I felt like I was on the cusp of a nice, tingly insight here, but as I’ve been writing, I’ve realized that in some ways what I’m illustrating here is organizations doing something akin to Wardley Mapping and figuring out where they can apply software in a way that isn’t yet a commodity, and in that way can become a way to differentiate from a competitor.
Some more thoughts:
I suspect that most companies or organizations might not have a secret sauce part that would benefit stupendously from custom, tuned software. And the holy grail of custom-and-tuned is software that perfectly fits your particular niche and, I don’t know, is whatever magnitude of 10x gets you attention these days. But remember, this was the promise of configurable software in the first place: a versatile tool that you can make yours. So answer me this: why is it that I feel if I make the thing I need, rather than configuring, say, ServiceNow to be the thing I need, that making what I need is better? What sort of context and other inputs go into making that sort of determination? This has a lot of relevance in organizations like government, where a lot of thought goes into what bits should we own and take responsibility for — steward, say — and what bits make sense to be built on top of third parties?

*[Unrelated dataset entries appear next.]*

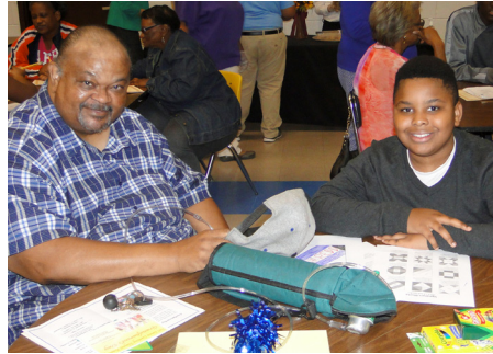
Fort hosted a Grandparents' Day event to engage senior family members in the education of their grandchildren.

Fort has a Parent Coordinator who works with families on site to facilitate their needs. There are computers available in the Parent Resource Center and the Media Center for parents to use along with applications for the Georgia Department of Labor and federal assistance programs when families need them. Parents are offered various learning events throughout the year including Literacy Night, Leadership Legacy Day, Grandparents Day Brunch, Bring Your Family to School Week, and Transition Days for both incoming 6th graders and rising 9th graders. The 9th grade transition training for families focuses on educating parents on topics such as dual enrollment, Career, Technical, and Agriculture Education (CTAE) pathways, and graduation requirements. In addition to these regular opportunities, the principal hosts monthly workshops for families to discuss topics such as the Georgia Standards of Excellence and the advantages of implementing high school courses at the middle school level. The school also provides guides for parents on the Georgia Standards of Excellence each nine weeks which feature the standards to be focused on for that quarter, along with suggestions for families on how to support students academically over the next weeks of school.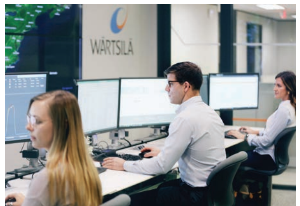
Wärtsilä Expertise Centre – Houston, TX, USA.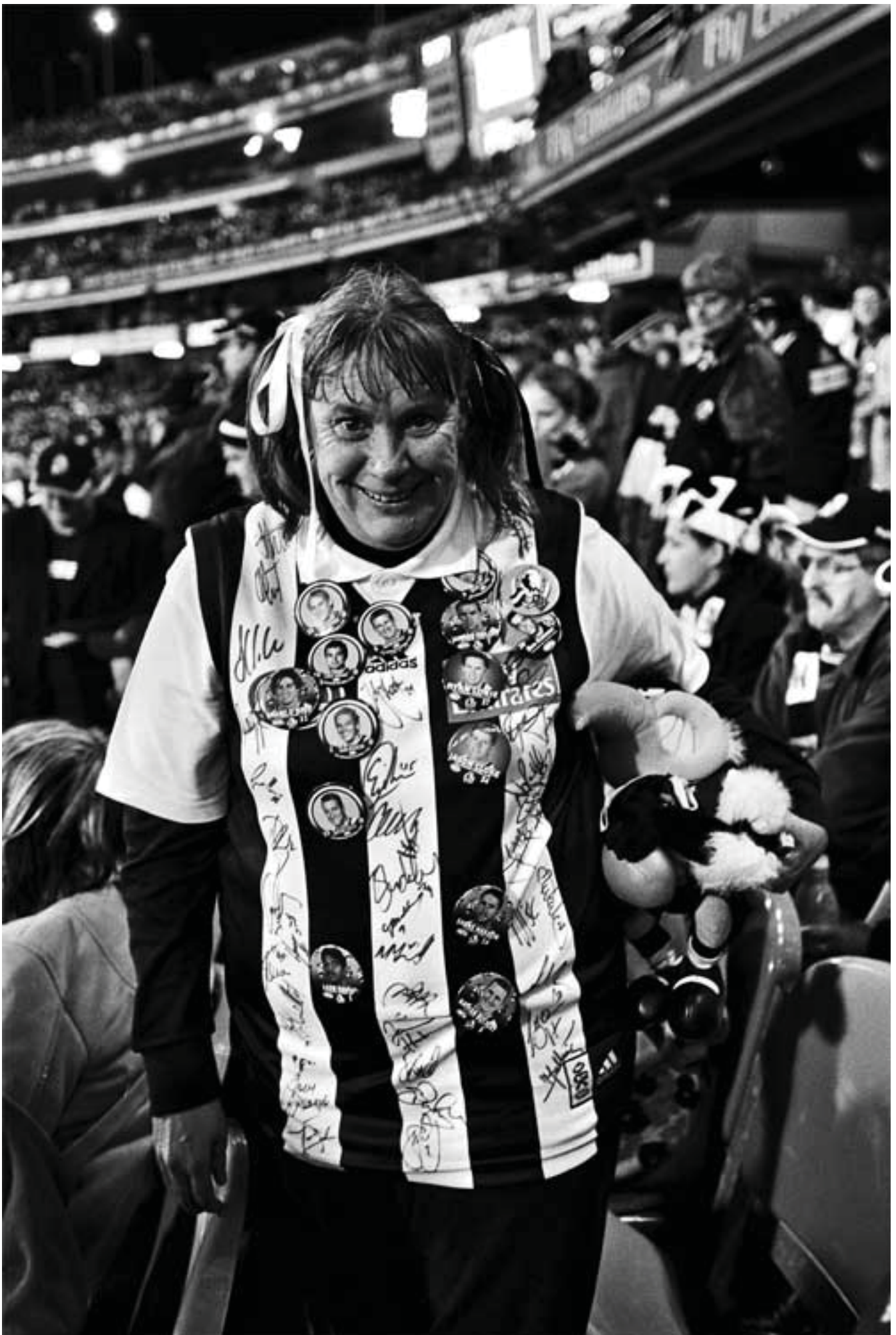
Previous page: Installation view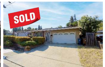
SHADDICK DR, ANTIOCH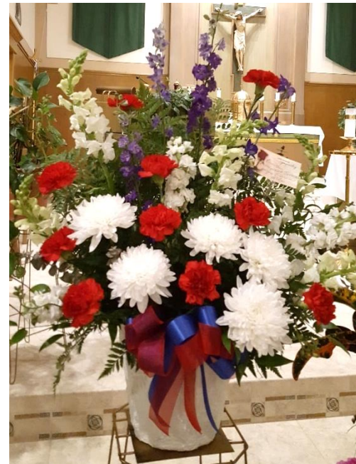
The Improved Turbine Engine Program office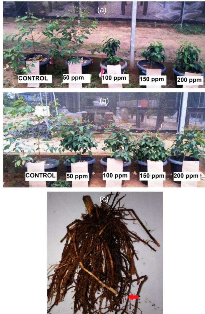
Supplementary Fig. 1. General comparative visual aspect of E. urophylla x E. grandis hybrid (AEC 1528) (a) and a spontaneous hybrid of E. urophylla (144 AEC) shoot (b) and roots (c) of submitted to PBZ concentrations of 0, 50, 100, 150 and 200 ppm a.i., applied via soil, at 90 days after treatment application.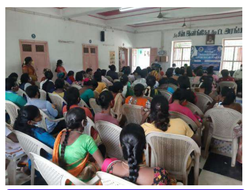
Community Event 2021

The activity of mobilizing community members together assumes importance, as the unified community will sustain the programme activities even after the withdrawal of the programme. The community events provide platforms for the community members to come together, spending time in a common place.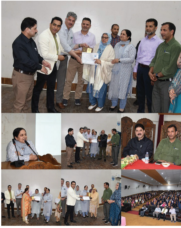
Principal GMC commended the retirees for their commitment and decades of service, stating,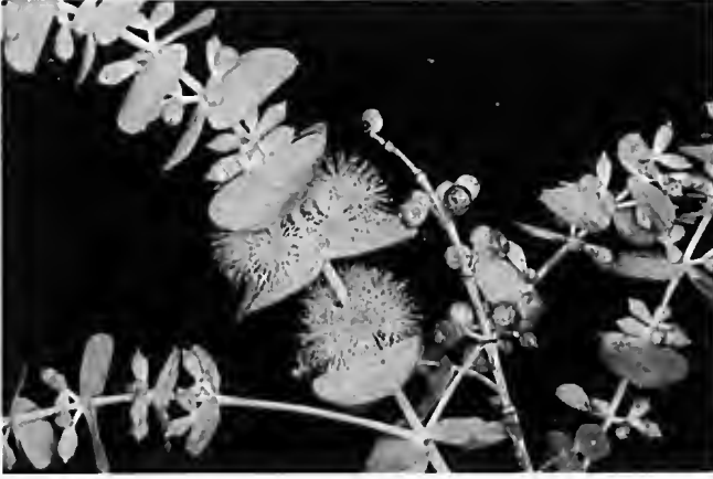
Eucalyptus pulverulenta : Eucalyptus —from Greek words, eu, good or well, and kalypto, meaning one cover, alluding to the calyx which forms a close lid over the flower bud; pulverulenta —refers to the powdery covering of the leaves

Recreation is more important now than it has ever been before because we have more time for leisure. A garden should not be a source of worry where one is forced to mow the lawns or do the weeding. If one doesn't relax in the garden then a switch to bowls, football or fishing is recommended.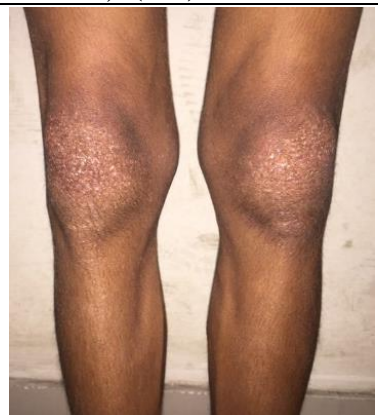
Fig-1-4: showing (left to right) heliotrope rash, atrophic papules and plaques (gottron's papules) over the dorsa of hands, back and the knees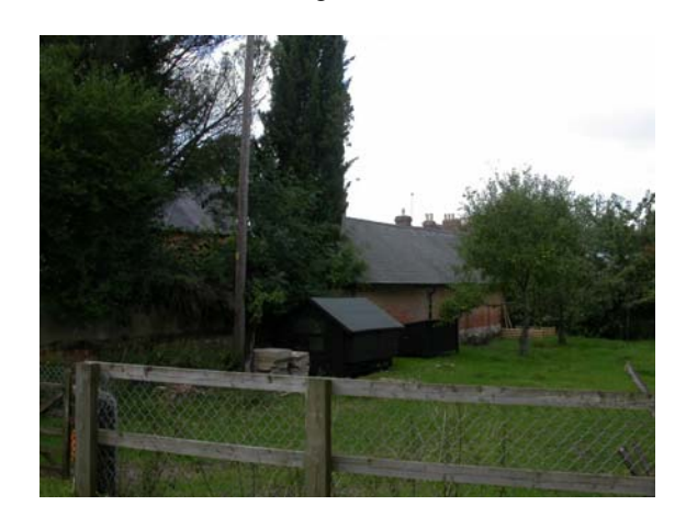
10 Cow sheds east of Grove Farm, looking south-west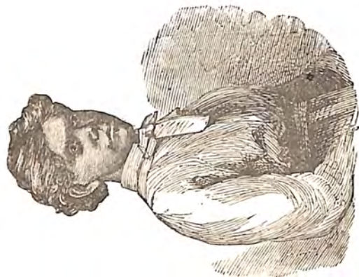
NATIVES EDUCATED AT POONINDIE, 1858.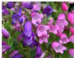
Penstemon 'Miniature Bells'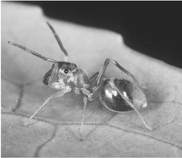
Figure 9. Myrmarachne bakeri female (facing to left) posturing (erect legs in Position 2).

became quiescent in front of a male and the male approached. When he was within touching distance, he brought erect legs I into Position 1 over the female's legs I or cephalothorax (Figures 3, 6), after which she sometimes decamped (sometimes after first lunging), and sometimes remained quiescent while copulation (Figure 7) ensued. The duration of courtship was usually about 2 min.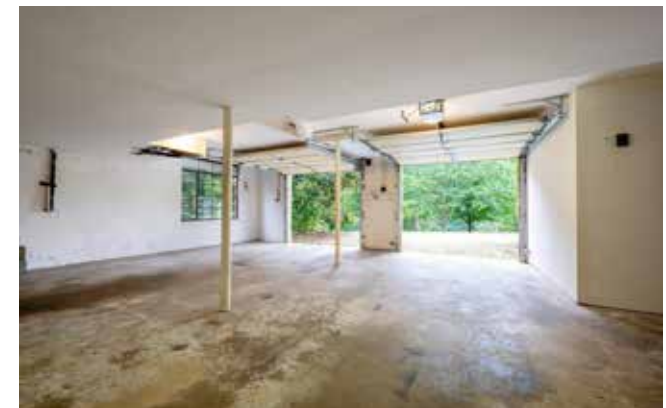
Double Car Garage in Basement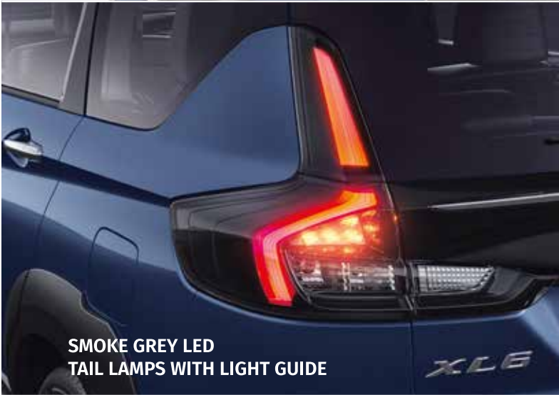
SMOKE GREY LED TAIL LAMPS WITH LIGHT GUIDE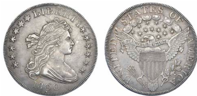
2246 Dollar, 1800, dotted date (Bowers Borckardt 194; Bolender 14). Extremely fine or better £3,000-4,000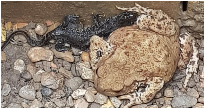
Great Crested Newt and Common Toad: All Saints Church

reptiles such as slow worms, grass snakes, toads, frogs and lizards. There is a wide variety of insects upon which many animals and birds depend.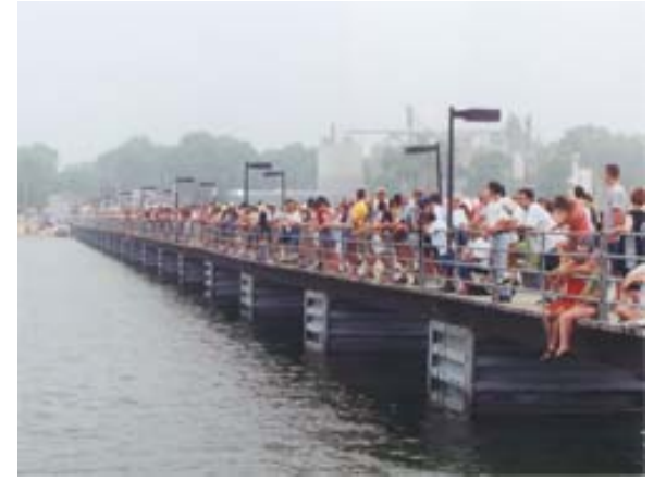
The Pier was packed for the Can-Am Cup

In between each Main Event Race, we will have 2 short Freestyle Shows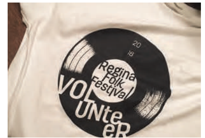
I volunteered for Regina Folk Fest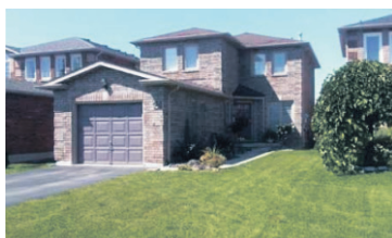
CHILD FRIENDLY STREET-GEORGETOWN SOUTH $374,900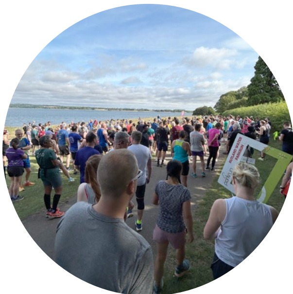
Nearby Rutland Water and its weekly Park Run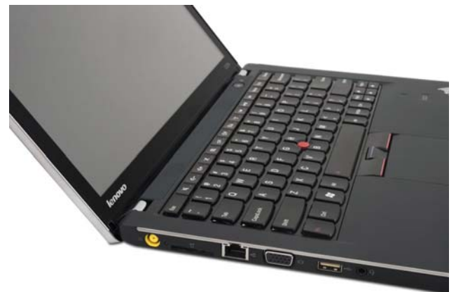
Lenovo ThinkPad Edge E220s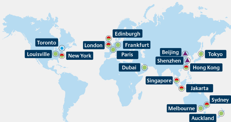
● Investment team ● Distribution team ▲ Joint venture ★ Strategic alliance - HIM Money, Inc.

Our approach to investment is driven by a commitment to providing the best possible outcomes over the long term for our investors. To achieve this, we ensure our interests are aligned with our investors and uphold a culture of always acting in our clients' best interests.

But! Time was, organizations needed to do this because it turns out there was a time when computers did not exist and there was not widespread magic sand that had pictures etched onto it that made it look like there were giant rooms full of thinking metal. During that time, companies invented computers and programming languages and ways to bill for medical services, and it was a point of competition because if you had a computer thing, it meant you could do things better than your competitors. Nowadays, if you have a computer thing, it means… well, really, what does it mean? I mean, I guess you can operate in an interconnected late-capitalism world because people send emails and things (unless you’re a god of thunder who doesn’t have a computer, what would a god of thunder have a computer for?), or it means you can process millions of bits of paper, or substitute bits of paper for people marginally better than if you had to do them all by hand.
Anyway, there was a broadcaster who used to do stuff like this, but I’m not entirely sure how much they did on the production technologies end. It was the BBC, and as a Brit, I am required to thus link to BBC Research and Development [Kingswood Warren building, Wikipedia], one of the examples of which is the BBC Radiophonic Workshop which on the one hand was a sound effects unit, but also ended up pioneering electronic music.
But really, my mind is blown by this: there is a company out there who’s taken a look at how messy, say, production coordinating is, and said to itself: hey, you know what? We could try and make this better, and then is spending money doing that.
That Netflix one ended up being much longer than I anticipated, so I’ll think I’ll call it for this episode.
Thank you so much to everyone who has replied and said “hi”, it was very nice! How are you doing?